HMRC’s statement also indicates that there is a de minimis test for state aid recovery whereby no recovery would be required if the aggregate amount of all UK state aid (i.e. not just the CFC related state aid) granted to a group did not exceed €200,000 over any period of three fiscal years.

The recoverable state aid amount is to be calculated using a reference system of the wider UK corporate tax system applicable during each relevant period and taking into account the factual and legal position of the beneficiary.

The HMRC statement was not published on HMRC’s website and is being sent to companies identified as potential beneficiaries of state aid on the basis of previous exemption claims made under section 371IJ TIOPA 2010. Any group which is potentially affected by the Commission decision but is yet to receive a copy of HMRC's statement or would like to discuss the recovery process, please get in touch with your usual KPMG contact or one the international tax specialists listed.

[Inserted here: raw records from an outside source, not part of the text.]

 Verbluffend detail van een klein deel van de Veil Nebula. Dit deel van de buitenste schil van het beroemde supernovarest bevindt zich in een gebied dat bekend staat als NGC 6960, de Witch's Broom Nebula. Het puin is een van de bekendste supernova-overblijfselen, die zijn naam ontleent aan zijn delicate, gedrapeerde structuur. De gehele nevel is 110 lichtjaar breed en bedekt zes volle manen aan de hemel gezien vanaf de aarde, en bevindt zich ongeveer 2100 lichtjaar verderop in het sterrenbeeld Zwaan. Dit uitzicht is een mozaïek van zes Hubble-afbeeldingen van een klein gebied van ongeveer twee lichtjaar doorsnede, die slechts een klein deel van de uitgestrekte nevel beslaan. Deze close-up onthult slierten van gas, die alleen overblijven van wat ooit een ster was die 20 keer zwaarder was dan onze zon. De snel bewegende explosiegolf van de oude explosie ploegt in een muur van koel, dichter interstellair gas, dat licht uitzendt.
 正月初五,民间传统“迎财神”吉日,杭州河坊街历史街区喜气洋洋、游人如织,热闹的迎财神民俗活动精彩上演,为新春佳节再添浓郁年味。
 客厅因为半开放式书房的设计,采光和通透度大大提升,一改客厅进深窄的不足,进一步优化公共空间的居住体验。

Interest, penalties, appeals and other administrative matters

Interest will be calculated by HMRC after the state aid has been quantified and will be calculated on a compound basis running from the date the unlawful state aid was at the disposal of the beneficiary. For large companies this will run from the relevant quarterly instalment due dates. HMRC have confirmed they will not impose penalties on the reduction on the amount for which the FCE is claimed. However, penalties could be charged where incorrect or incomplete information is provided to HMRC which HMRC relies on for the purpose of calculating the recoverable amount.

Payment of the amount must be made regardless of any challenge the beneficiary intends to make. There is no right of offset against other balances with HMRC and Payments on Account cannot be reallocated in settlement of the state aid. The compound interest will continue to accrue until full payment is made.

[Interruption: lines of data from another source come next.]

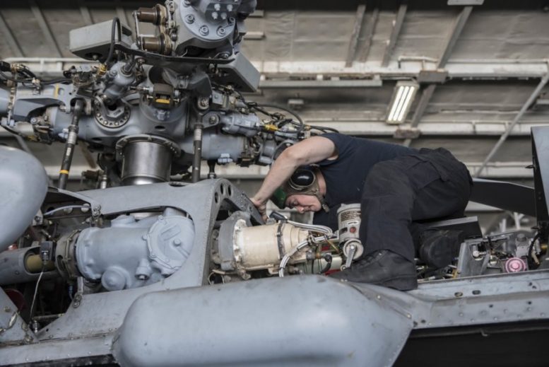 Aviation Structural Mechanic Second Class Diego Dominguez, from Miami, conducts a flight control bearing inspection on an MH-60S Sea Hawk helicopter assigned to the Dusty Dogs of Helicopter Sea Combat Squadron (HSC) 7 in the hangar bay of the aircraft carrier USS Dwight D. Eisenhower (CVN 69) (Ike). Ike and its Carrier Strike Group are deployed in support of Operation Inherent Resolve, maritime security operations and theater security cooperation efforts in the U.S. Fifth Fleet area of operations.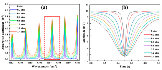 In this work, the wavelength of 1572.974 nm was chosen as the central wavelength of the absorption spectral line, which can be converted to a wave number of 6357.38 cm−1 for ease of calculation. The absorption coefficients within the wavenumber range of 6353–6360 cm−1 at different pressures are shown in Figure 3a; the peak marked with a red box was the selected line, and it can be seen that there are few strong absorption lines of CO2 around 6357.38 cm−1 within the range of ±0.5 cm−1 according to the HITRAN database [20], which indicates that the selected line is barely affected by the nearby lines of CO2. The absorption coefficients show that the peak remains constant while the trough decreases with increasing pressure, illustrating that the absorption capacity on both sides of the center wavenumber will be enhanced by pressures, whereas those of the center wavenumber are nearly unaffected. A simulation of the absorption depression of the incident light intensity is shown in Figure 3b. It is evident that the width of the absorption depression increases with increasing pressures, followed by a diminishing peak to peak. Consequently, it can be inferred that the pressure will expand the line broadening, while the line intensity exhibits the opposite.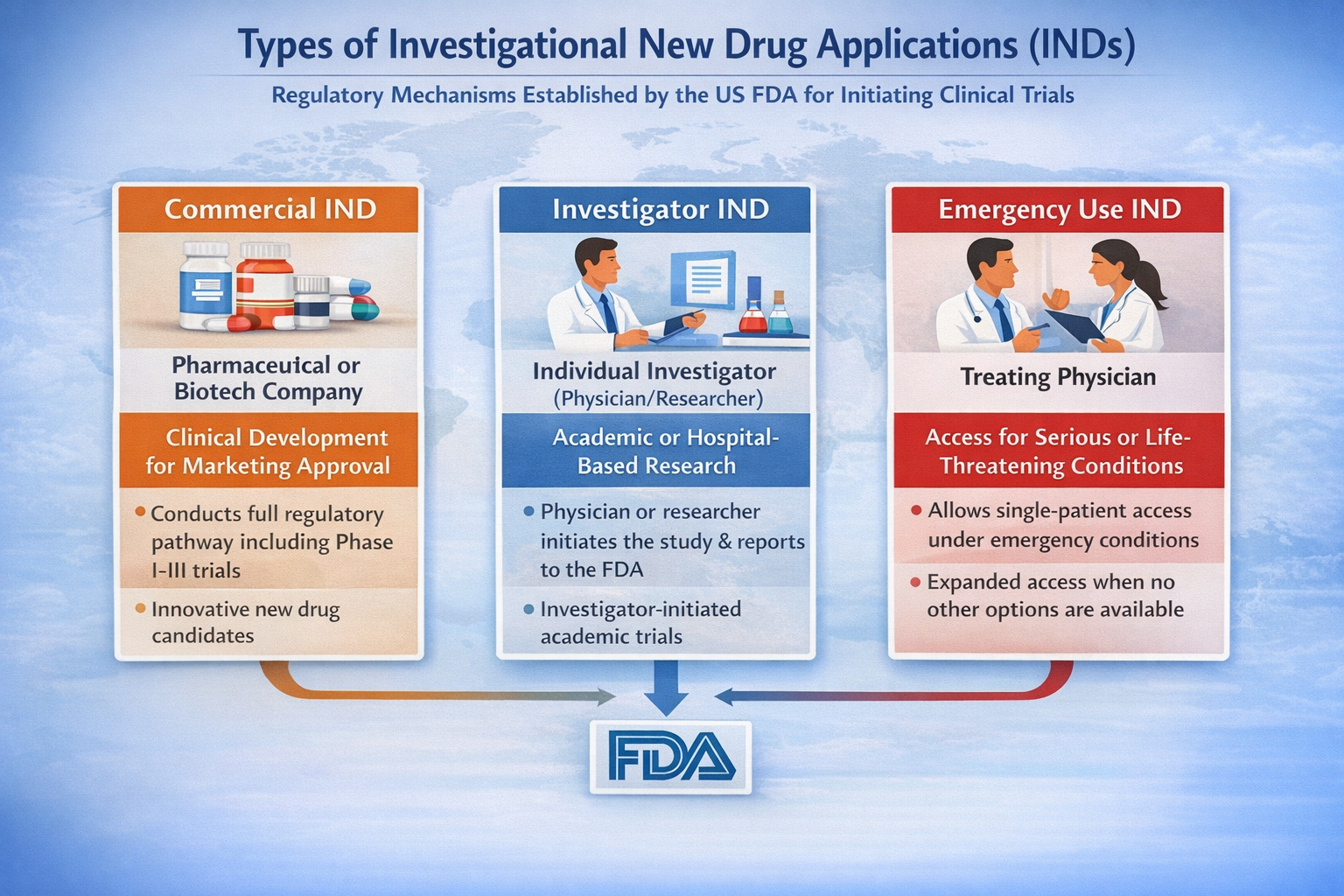 | Investigator IND | Individual Investigator (Physician/Researcher) | Conduct investigator-initiated research | Academic or institutional oversight | Hospital-based or academic clinical research |

HMRC have confirmed that appeals are permitted within 30 days of an assessment being issued if a taxpayer considers the amounts they are being asked to pay have been wrongly calculated. An appeal would not constitute a challenge to the EC state aid decision itself. However, HMRC will not agree to postponement applications but taxpayers could request a hearing at the First-tier Tribunal on postponement.

  • Unfiled periods ending prior to 1 January 2019

HMRC intend to open CT Return enquiries into all FCE claims made after 3 April 2019 for accounting periods ending prior to 1 January 2019 and will also start compliance checks on FCE claims in filed returns where they are in time to do so.

  • Periods ending on or after 1 January 2019

The EC’s decision confirms that the UK CFC rules, as amended with effect from 1 January 2019, no longer raise concerns under state aid rules. Accordingly, from 1 January 2019 the state aid decision should not have an impact on FCE claims.

It should be noted that for accounting periods beginning before 1 January 2019 and ending after that date (straddling periods) it will be necessary to apportion between the two periods where the state aid decision is relevant for the period to 31 December 2018.

It will be important for Groups to consider the disclosures they make on any FCE claims made for unfiled returns for accounting periods ending prior to 1 January 2019 and accounting periods which commence prior to 1 January 2019 and end after this date.